Power in dioptres: a +2D lens has f = 0.5 m (convex). A −3D lens has f = −0.33 m (concave). Higher dioptre = shorter focal length = stronger lens.

Lens	Nature of Image	Key Use	Power
Convex (converging)	Real & inverted (object beyond F); Virtual & erect (object inside F)	Camera, projector, magnifying glass, eye correction for hypermetropia	Positive (+)
Concave (diverging)	Always virtual, erect, diminished	Correction of myopia, peepholes in doors, wide-angle viewfinders	Negative (−)

📝 TOPIC-WISE PYQ

Refraction, TIR & Lenses — NDA Pattern Questions

Q1. The critical angle for glass-air interface is 42°. The refractive index of glass is approximately:

(a) 1.33 (b) 1.50 (c) 2.42 (d) 1.20

Answer: (b) 1.50
sin θ_c = 1/n → n = 1/sin 42° = 1/0.669 ≈ 1.49 ≈ 1.5. This is the standard refractive index of glass. (Diamond: n ≈ 2.42, θ_c ≈ 24°.)

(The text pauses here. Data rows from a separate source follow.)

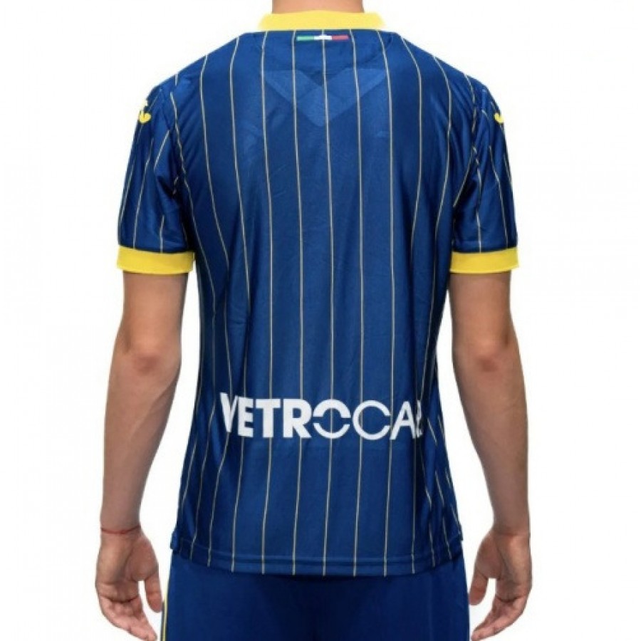 Replica della prima divisa dell'Hellas Verona FC. Stagione 2024/2025, modello maschile. I tifosi gialloblù continueranno a indossare i loro colori rappresentativi: il blu e il giallo per sostenere il loro club. Per l'occasione, è stata aggiunta un'elegante stampa sublimatica a righe gialle. Nella parte interna del collo, è stata aggiunta una scritta per commemorare il 40° anniversario del loro primo e unico scudetto, con cui sono diventati campioni d'Italia: "GLI UNICI NELLA STORIA CAMPIONI D'ITALIA 1984/1985".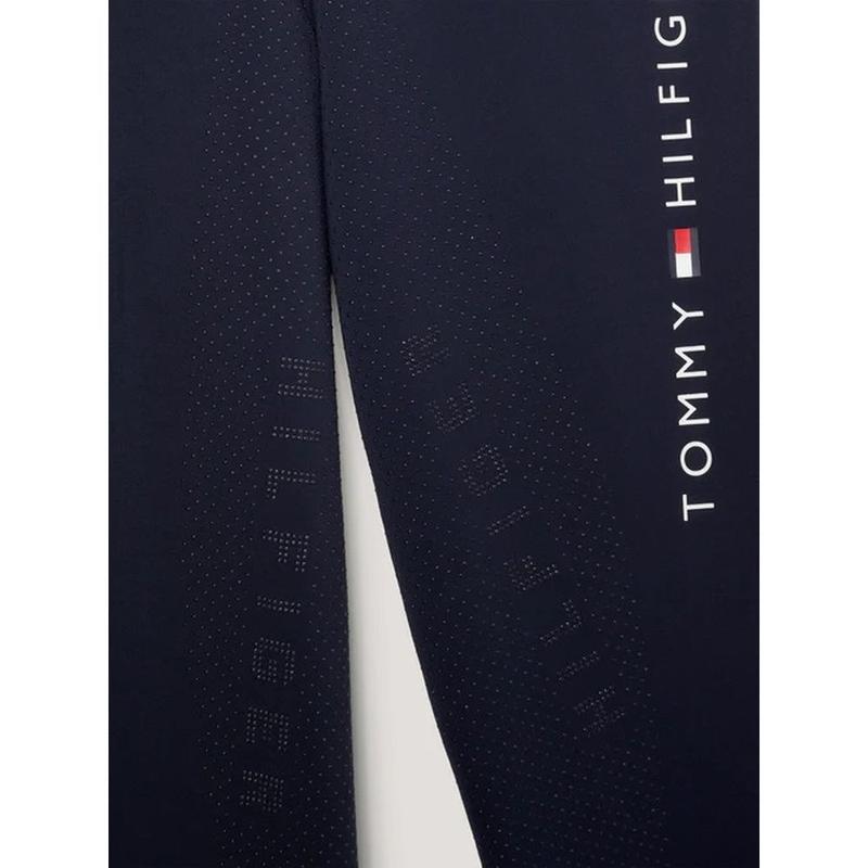 Techniczne legginsy jeździeckie Elmira. Legginsy te mają klasyczne, charakterystyczne udo z logo Tommy Hilfiger i są wyposażone w silikonowy uchwyt oraz poręczną kieszeń na telefon komórkowy na lewym udzie. Logo Tommy Hilfiger wewnątrz paska i na dole.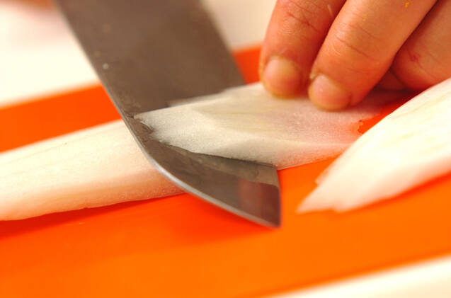 白菜は、葉の部分をザク切りにし、芯の部分は細い削ぎ切りにしてサッと水洗いしザルに上げる。

Q2. An object is placed 20 cm from a convex lens of focal length 15 cm. The image is formed at:

(a) 60 cm (real) (b) 60 cm (virtual) (c) 12 cm (virtual) (d) 8.6 cm (real)

Answer: (a) 60 cm (real, inverted, magnified)
1/v − 1/u = 1/f → 1/v − 1/(−20) = 1/15 → 1/v = 1/15 − 1/20 = 4/60 − 3/60 = 1/60. v = +60 cm. Positive → real image on other side. Magnification = 60/20 = 3× (magnified).

Q3. Total internal reflection is used in optical fibres. The light travels through the fibre because:

(a) Refraction at every point (b) Repeated TIR at glass-air boundary (c) Diffraction (d) Interference

Answer: (b) Repeated TIR at glass-air boundary
Optical fibres are made of glass core surrounded by a cladding of lower refractive index. Light hitting the interface at ≥ critical angle undergoes TIR repeatedly and travels the full length of the fibre with minimal loss. Used in internet cables and medical endoscopes.

🤔 TRICKY QUESTIONS

Refraction & TIR — Conceptual Traps

T1. A fish underwater looks up at a fisherman standing at the bank. What does the fish see? What phenomenon explains this?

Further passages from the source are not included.